The Real Estate Board of New York recently offered buyouts to the majority of its staffers, several of whom accepted the offers, sources told The Real Deal.
It wasn’t immediately clear how many or which of the industry trade group’s employees accepted the buyouts. Nor was it apparent what the motivation was for the overhaul of REBNY’s longtime staff — though industry sources speculated the decision came from its president, John Banks, who replaced longtime president Steven Spinola in mid-2015.
Banks confirmed the offers to TRD.
“REBNY offered a voluntary incentive program with enhanced severance benefits to employees,” he wrote in an email. “Several employees have accepted the voluntary incentive package.”
The buyouts were only offered to all employees who have been with REBNY one year or longer — a standard practice with such offers — including top staffers like executive vice president and chief lobbyist Jim Whelan. At least two vice presidents, head of research Michael Slattery and City Hall point-person John Doyle, declined the offers, TRD confirmed.
TRD was also able to confirm that Gladys Roman, who worked at REBNY for almost 23 years — as a senior executive assistant first to Spinola and then under Banks — was among the employees who would be leaving.
As of September, REBNY had a staff of 49, including a group of half-a-dozen vice presidents who ran divisions ranging from brokerage services to government affairs.
When Banks left his job as chief lobbyist for Consolidated Edison in 2015, he left REBNY’s staff intact. In fact, the number of employees has grown recently as the group added new hires to launch its Residential Listings Service.

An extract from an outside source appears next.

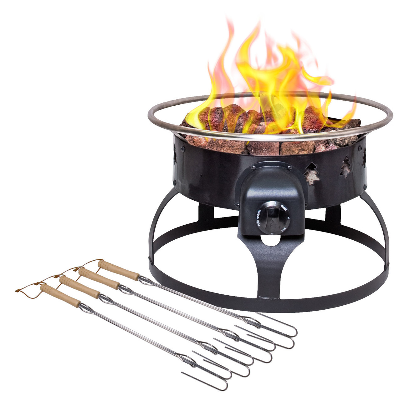 Because it’s portable, the Redwood is also good for roasting marshmallows in the backyard. In fact, it comes with four roasting sticks. The adjustable flame ensures that you can keep it just right for whatever the conditions. Features include matchless ignition, safety shutoff valve, a 5-inch hose and a support stand for your propane tank.
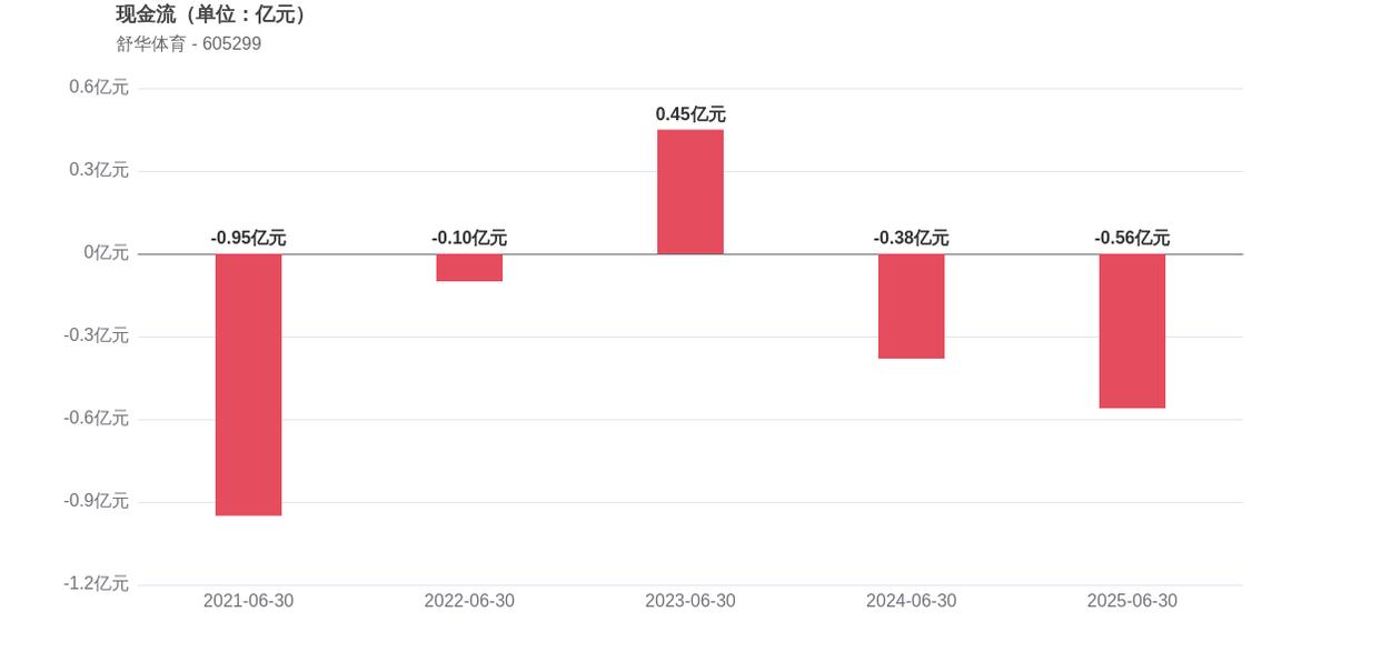 在经营稳健性方面,舒华体育面临运营效率下降的挑战,存货周转天数增至109.30天,较上年同期增长7.24%,表明库存管理压力加大。经营活动产生的现金流净额为-0.56亿元,连续两年同期为负,显示出公司在现金流管理方面存在困难。此外,2025年上半年的资产负债率为36.58%,同比增长2.53个百分点,这意味着公司债务负担有所加重。

REBNY’s most recently available tax filings show salaries grew just over 13 percent to $6.5 million in 2015 from the previous year. And revenues from dues grew 10 percent to $13.45 million.
Net operating income, however, dropped off by roughly 4 percent to $302,773, mostly due to the fact that the previous year’s revenues had been boosted by a $1 million contract REBNY recorded with an affiliate it oversees, Taxpayers for an Affordable New York.
Leadership at the group is set to change next year. Rudin Management CEO Bill Rudin will step in as chairman, succeeding Tishman Speyer’s Rob Speyer after his two-term tenure.